Why people wait a year to see a doctor in Puerto Rico
Last Updated: 2016-10-11
By Robin Respaut
SAN JUAN, Puerto Rico (Reuters) - Seven-year-old Luis Crespo Garcia can't run or ride a bike or do many other things most children take for granted. Born with cerebral palsy, he hobbles about with the aid of a walker.
In February, Luis had a seizure. The emergency room doctor who saw the boy recommended that he see a pediatric neurologist. But when Luis's mother, Karen, called one to request an appointment, the physician was booked through July - July 2017.
She said Luis's regular doctors told her that if she didn't want to wait a year and a half to see the specialist, the family had an unorthodox option: move to the mainland United States.
That wouldn't be easy.
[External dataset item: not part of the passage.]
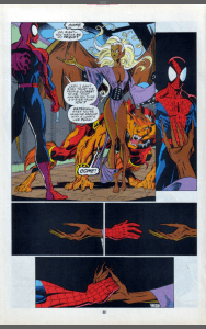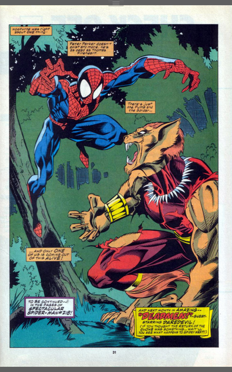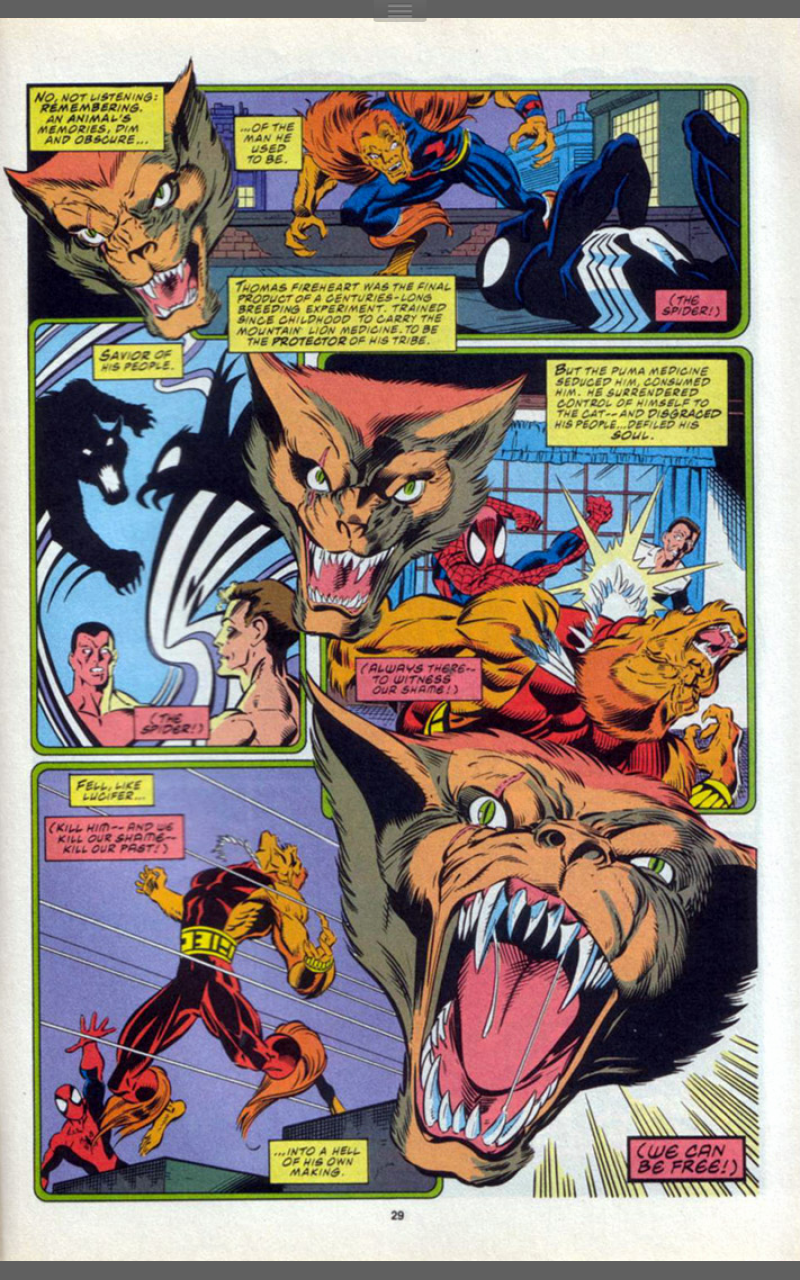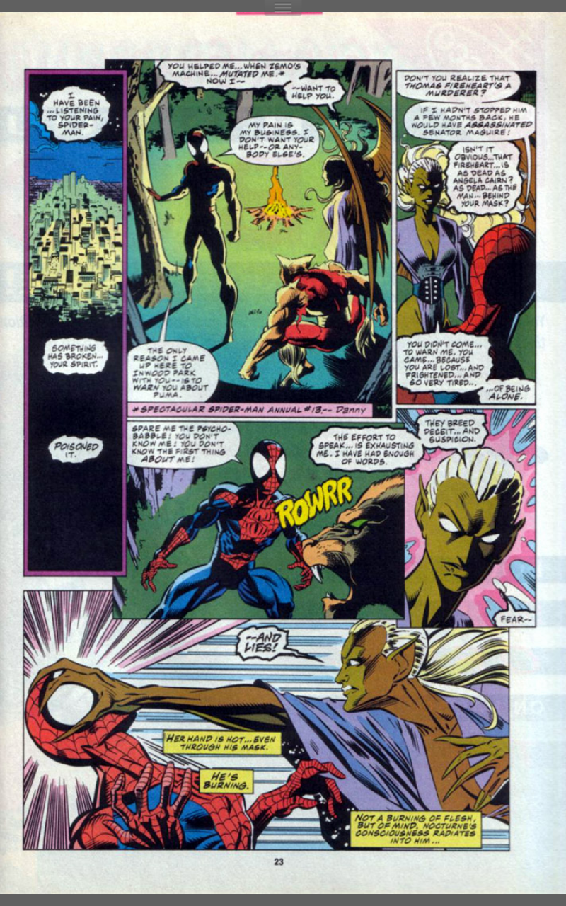 Spider-Man fights back and before this escalates, Nocturne tries to make peace, using her emotion powers to explain that Puma has submerged his humanity and is just a wounded beast in pain, just like Spider-Man. But Puma hasn’t quite submerged all of his human side and remembers his enmity towards Spider-Man and the attack begins again. This time Nocturne is injured and the Puma and the Spider square off, with nothing to hold them back from battling to the death.
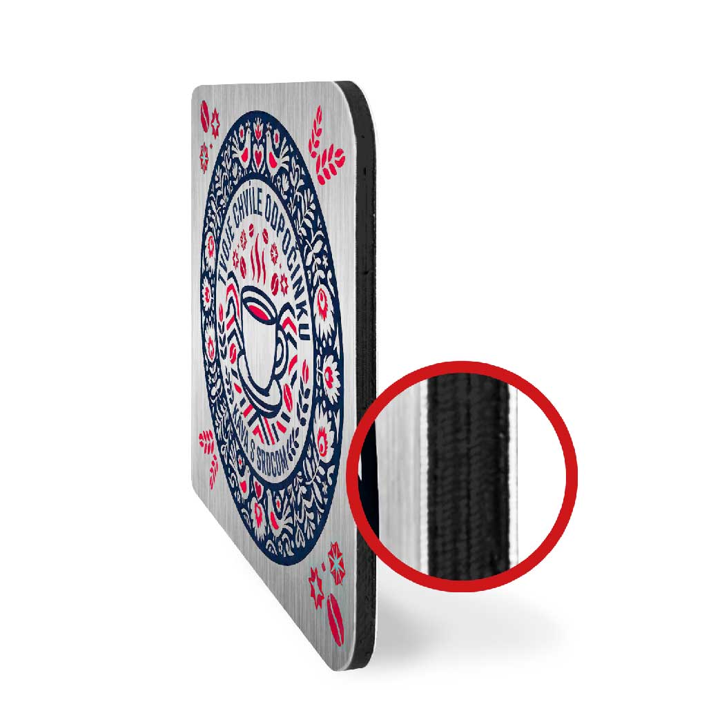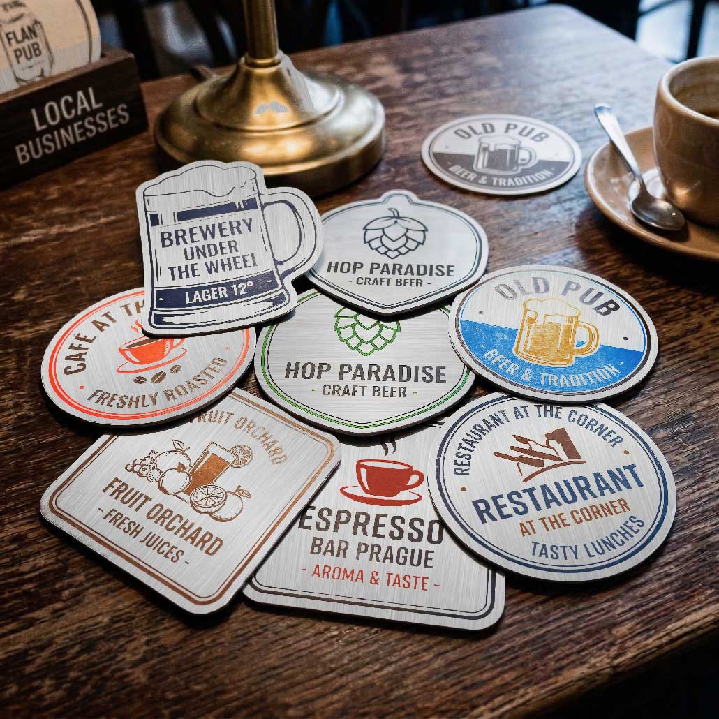 Vyránime na zákazku pivné podtácky z kompozitného materiálu DiBond s hliníkovou vrstvou.

Karen Garcia quit her restaurant job to care for her son, her husband washes cars for a living, and the family receives $410 a month in food stamps. They don't speak English, and they don't know anyone on the mainland. "I would love to go, because I want what is best for my son," Garcia said. "But I'm afraid."
The Garcias, like many other Puerto Ricans, are dealing with the effects of an acute and worsening doctor shortage that restricts access to healthcare. Doctors have been fleeing the island in droves, creating ever-longer waits for patients, and prompting some to leave the island to seek care.
The issue is money. For decades, the U.S. has squeezed payments to Puerto Rico under the federally sponsored Medicare and Medicaid insurance programs, which cover most people on the island. For doctors, that has made work on the mainland ever more attractive. And the situation is only likely to get worse: The island's $70 billion debt crisis - much of that money originally raised to pay for healthcare - has blocked Puerto Rico from additional borrowing to cover looming funding gaps.
The College of Physicians and Surgeons of Puerto Rico estimates that two doctors leave the island every day, seeking higher pay and better conditions on the mainland. Working physicians number 9,000, down 36 percent from a decade ago, a percentage decline four times greater than that for Puerto Rico's overall population.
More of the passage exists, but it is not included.